3.2.2. Flexural Strength

Figure 7 shows the flexural strengths of the MCMB–Cu composite and GrF–Cu composite at the different MCMB and GrF volume contents of 5%, 15%, and 25%. With the same MCMB and GrF content, the flexural strengths of the MCMB-filled composites are higher than those of the composites filled with GrF. When MCMB and GrF particles are present in the composites, the stress concentration factor near the tips of the MCMBs should be considerably lower than that near the flake graphite; thus, under loading, brittle cracking is less intense in the composite containing MCMBs than in that containing flake graphite.
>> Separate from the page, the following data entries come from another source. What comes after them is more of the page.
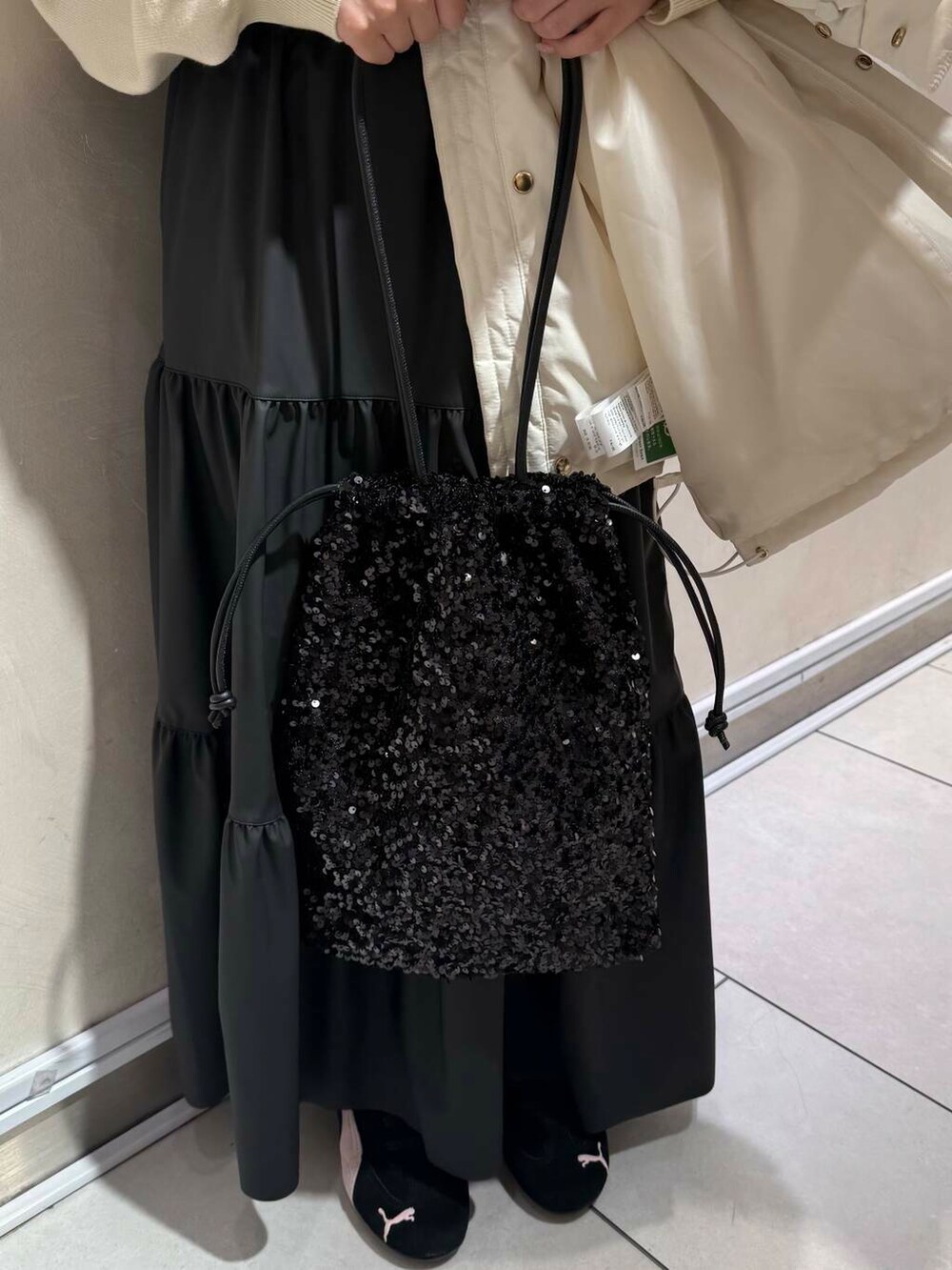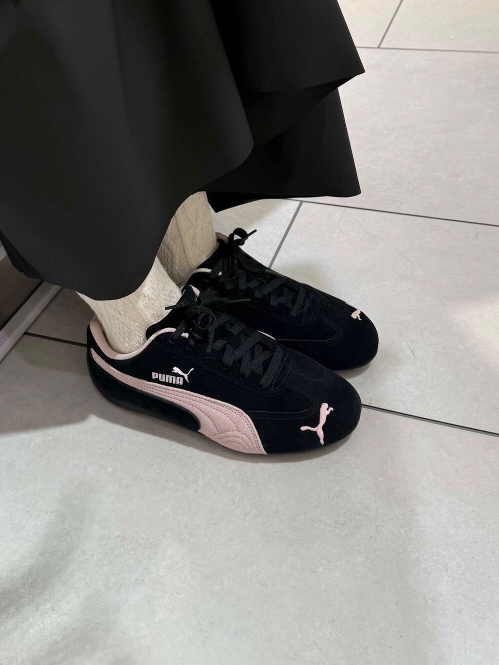 PUMAのスニーカーは、ピンク色がコーディネートのアクセントになってかわいいです!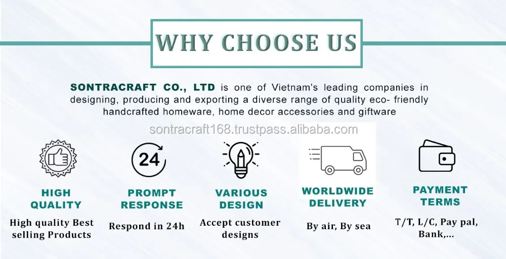 SONTRACRAFT., LTD is one of Vietnam's leading companies in designing, producing and exporting a diverse range of quality eco- friendly handcrafted homeware, home decor accessories and giftware. Our products use environmentally friendly processes, sustainable natural resources and recycled materials such as natural lacquer resin, bamboo, rattan, MDF, mother of pearl, recycled eggshell, coconut shell, etc. or of a combination of such materials. These products come in a wide range of styles, colors, finishes and sizes. Our products are created usually by hand or using traditional methods.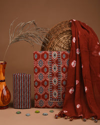 Premium Cotton Suit Set with Multicolor Neck & Zari Chiffon Dupatta (BCTCOTCFG53)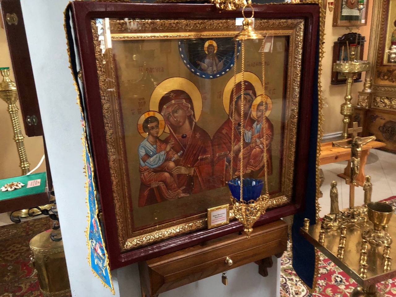 Среди особо чтимых святынь храма можно назвать старинную храмовую икону «Явление Божией Матери на Почаевской горе», а также икону «Явление Божией Матери в Тервеничах», переданную в дар приходу Тервеническим женским монастырем Санкт-Петербурской митрополии. Помимо этого в храме пребывают частицы святых мощей Почаевских подвижников благочестия - преп. Иова и преп. Амфилохия.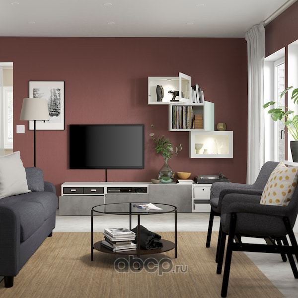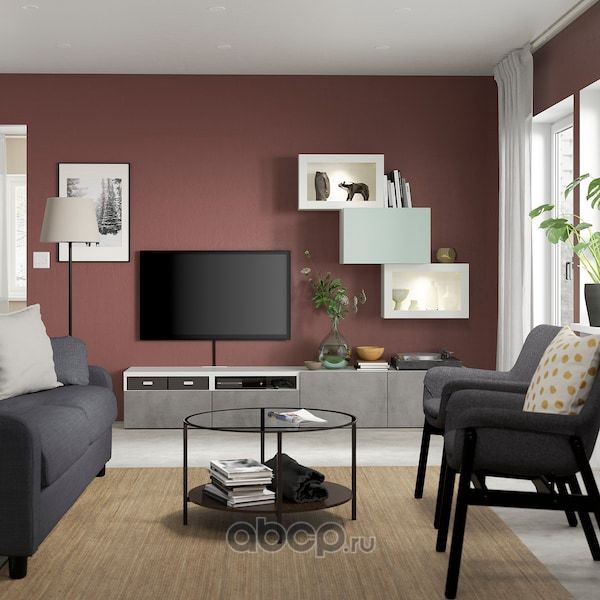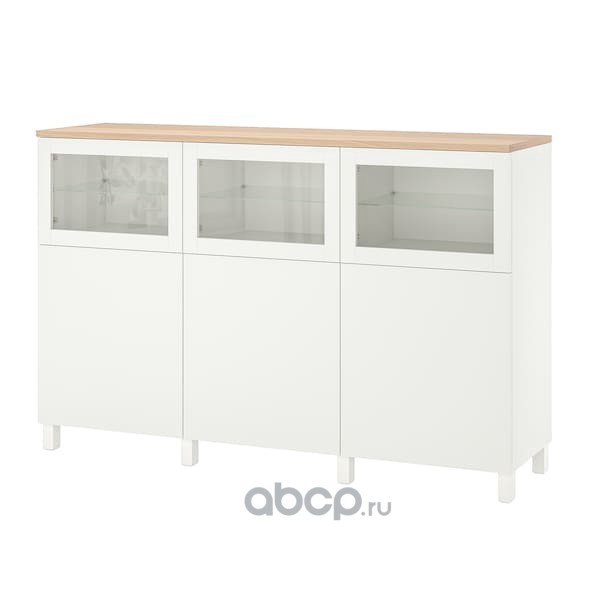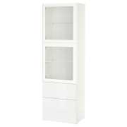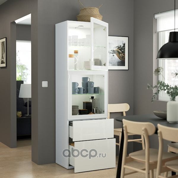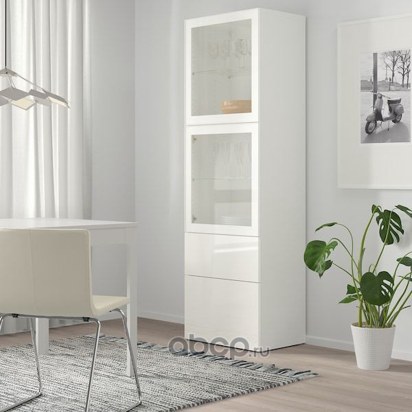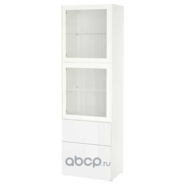 BESTÅ БЕСТО Комбинация д/хранения+стекл дверц, белый/Сельсвикен глянцевый/белый прозрачное стекло 60X42X193см

Furthermore, dispersion strengthening of the MCMB–Cu composite by Fe3C formation is also an important factor in enhancing the MCMB–Cu composite strength. The combined effect of these aspects leads to a higher flexural strength of the MCMB–Cu composites in comparison with that of the GrF–Cu composites. It can also be observed that, as the MCMB content increases from 5% to 25%, the flexural strength of the MCMB–Cu composites gradually decreases. The strength and hardness of MCMB particles are extremely low, so their presence can induce a notch effect in the matrix, which is the likely rupture origin in the composites, and consequently, the flexural strength is reduced at higher MCMB contents.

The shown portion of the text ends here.